BRISTOL, PA / ACCESSWIRE / August 18, 2022 / William Penn Bancorporation (“William Penn” or the “Company”) (NASDAQ CM:WMPN), the parent company of William Penn Bank (the “Bank”), today announced that the Company’s Board of Directors has authorized a new stock repurchase program to acquire up to 739,385 shares, or approximately 5.0%, of the Company’s currently issued and outstanding common stock, commencing upon the completion of the Company’s existing stock repurchase program. The new stock repurchase program was adopted following the Company’s consultation with the Federal Reserve Bank of Philadelphia.

On June 9, 2022, the Company announced its second stock repurchase program, which became effective upon the completion of the Company’s first stock repurchase program and authorized the purchase of up to 771,445 shares. Under this previously announced program, 117,293 shares of common stock have been repurchased at a cost of $1,353,323, or $11.54 per share. As of August 17, 2022, there are 654,152 shares remaining to be repurchased under this existing program.

On March 11, 2022, the Company announced its first stock repurchase program, which became effective on March 25, 2022 and authorized the purchase of up to 758,528 shares. Under this previously announced program, 758,528 shares of common stock have been repurchased at a cost of $8,981,445, or $11.84 per share. The Company completed this repurchase program during the quarter ended June 30, 2022.

Repurchases will be conducted through open market purchases, which may include purchases under a trading plan adopted pursuant to Securities and Exchange Commission Rule 10b5-1, or through privately negotiated transactions. Repurchases will be made from time to time depending on market conditions and other factors.

The repurchase program does not obligate the Company to purchase any particular number of shares, and the timing and actual number of shares repurchased will depend on a variety of factors including price, corporate and regulatory requirements, market conditions, and other corporate liquidity requirements and priorities. There is no guarantee as to the exact number of shares to be repurchased by William Penn.
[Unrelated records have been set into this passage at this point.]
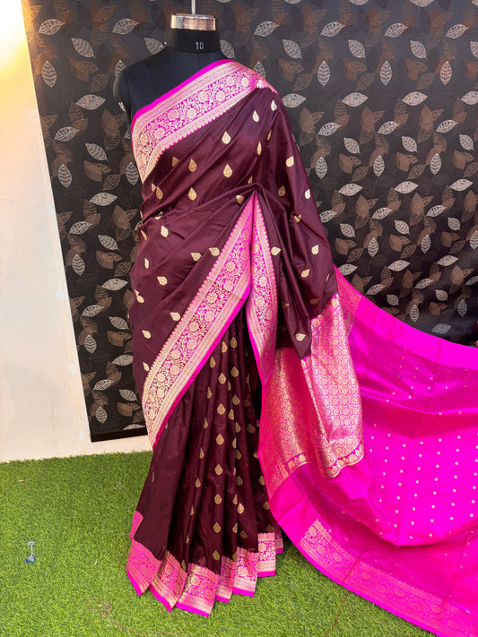 Dark Wine Pure Katan Kadhiyal Boota Banarasi Handloom Saree
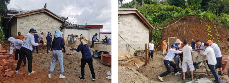 由于上午王劲副教授、刘立欣老师已经到采石场预先考察,找到了给小菜园铺路的原料。下午两点左右,团队师生先到采石场挑选、采集、搬运石头。大家在高处、半坡和坡底的装石车旁站好位置,站在高处的师生精选出适用的石头,再把石头从上到下依次传递到装石车上。高原午后的阳光正是猛烈的时候,大家顶着烈日搬运石头,一会的功夫就汗流浃背,但是大家顾不上休息,很快就把车厢给装满了。来到达张大哥家后,团队师生水都没喝一口,又开辟了“搬砖流水线”,将原先堆砌于家门口的红砖搬到山坡旁的空地,十几米的距离,大家分成两队一字排开流水作业,郭支书带着村干部和村民也加入了队伍,连邻居家的小朋友也参加了进来,现场的气氛热火朝天。在团队师生和村民的共同努力下,高效完成了初步的铺路工作。
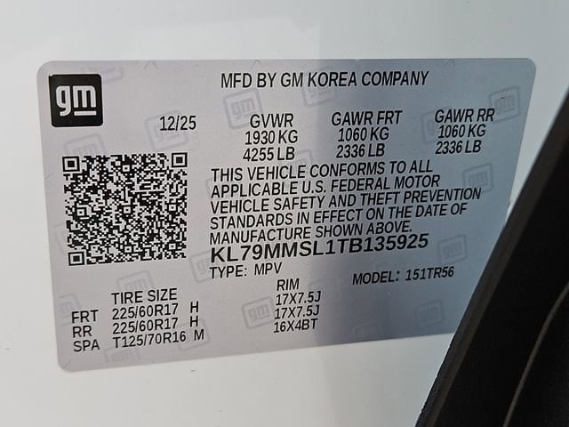 LS Confidence Package (Lane Change Alert with Side Blind Zone Alert, Rear Cross Traffic Alert, and Rear Park Assist), LS Convenience Package (Rear Windows and Liftgate Deep-Tinted Glass and Remote Start), Preferred Equipment Group 1LS, 1 Type-An and 1 Type-C USB Ports, 4 Speakers, 4-Speaker Audio System Feature, 4-Way Manual Front Passenger Seat Adjuster, 4-Wheel Disc Brakes, 5.45 Final Drive Axle Ratio, 6-Way Manual Driver Seat Adjuster, ABS brakes, Air Conditioning, Alloy wheels, AM/FM radio: SiriusXM, Auto High-beam Headlights, Brake assist, Bumpers: body-color, Cloth Seat Trim, Compass, Delay-off headlights, Driver door bin, Driver vanity mirror, Dual front impact airbags, Dual front side impact airbags, Electronic Stability Control, Emergency communication system: OnStar and Chevrolet connected services capable, Exterior Parking Camera Rear, Flat-Folding Front Passenger Seatback, Front anti-roll bar, Front Bucket Seats, Front Center Armrest, Front License Plate Bracket, Front reading lights, Front wheel independent suspension, Fully automatic headlights, Illuminated entry, Knee airbag, Low tire pressure warning, Mechanical Jack with Tools, Occupant sensing airbag, Overhead airbag, Overhead console, Panic alarm, Passenger door bin, Passenger vanity mirror, Power door mirrors, Power steering, Power windows, Radio data system, Radio: AM/FM Stereo Audio System, Rear side impact airbag, Rear window defroster, Rear window wiper, Reinforced Electric Heater/Defroster System, Remote keyless entry, Ride and Handling Suspension, Security system, SiriusXM Trial Subscription, Speed control, Split folding rear seat, Spoiler, Steering wheel mounted audio controls, Tachometer, Telescoping steering wheel, Tilt steering wheel, Traction control, Trip computer, Variably intermittent wipers, Wheels: 17 Silver-Painted Aluminum, and Wireless Apple CarPlay/Android Auto.
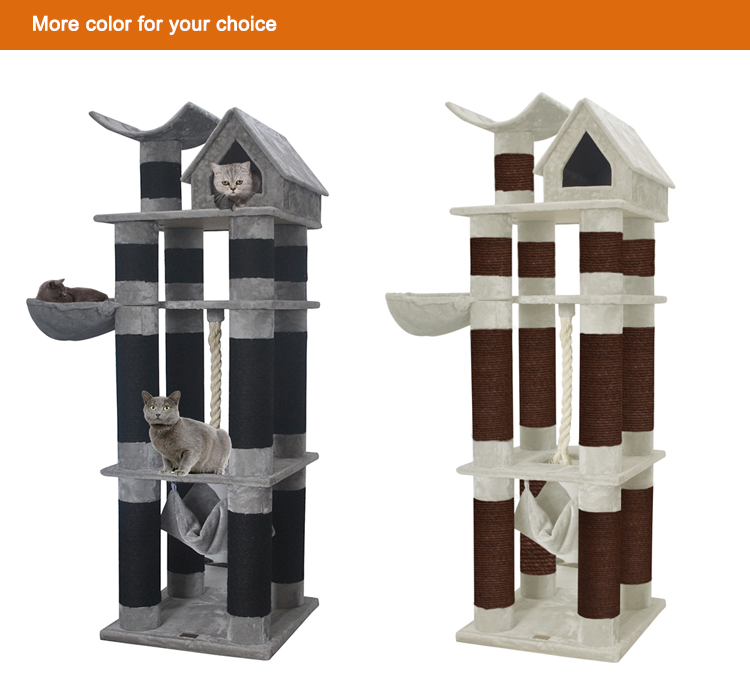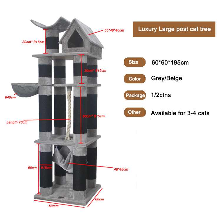 Arbre Chat Grand Xxl Boisสีดําขนาดใหญ่สําหรับแมวแมวเตียงของเล่นฯลฯเฟอร์นิเจอร์Catscer Condeคอนโดทาวเวอร์พร้อมเปลญวน

About William Penn Bancorporation

William Penn Bancorporation, headquartered in Bristol, Pennsylvania, is the holding company for William Penn Bank, which serves the Delaware Valley area through thirteen full-service branch offices in Bucks County and Philadelphia, Pennsylvania, and Burlington, Camden and Mercer Counties in New Jersey. The Company’s executive offices are located at 10 Canal Street, Suite 104, Bristol, Pennsylvania 19007. William Penn Bank’s deposits are insured up to the legal maximum (generally $250,000 per depositor) by the Federal Deposit Insurance Corporation (FDIC). The primary federal regulator for William Penn Bank is the FDIC. For more information about the Bank and William Penn, please visit www.williampenn.bank.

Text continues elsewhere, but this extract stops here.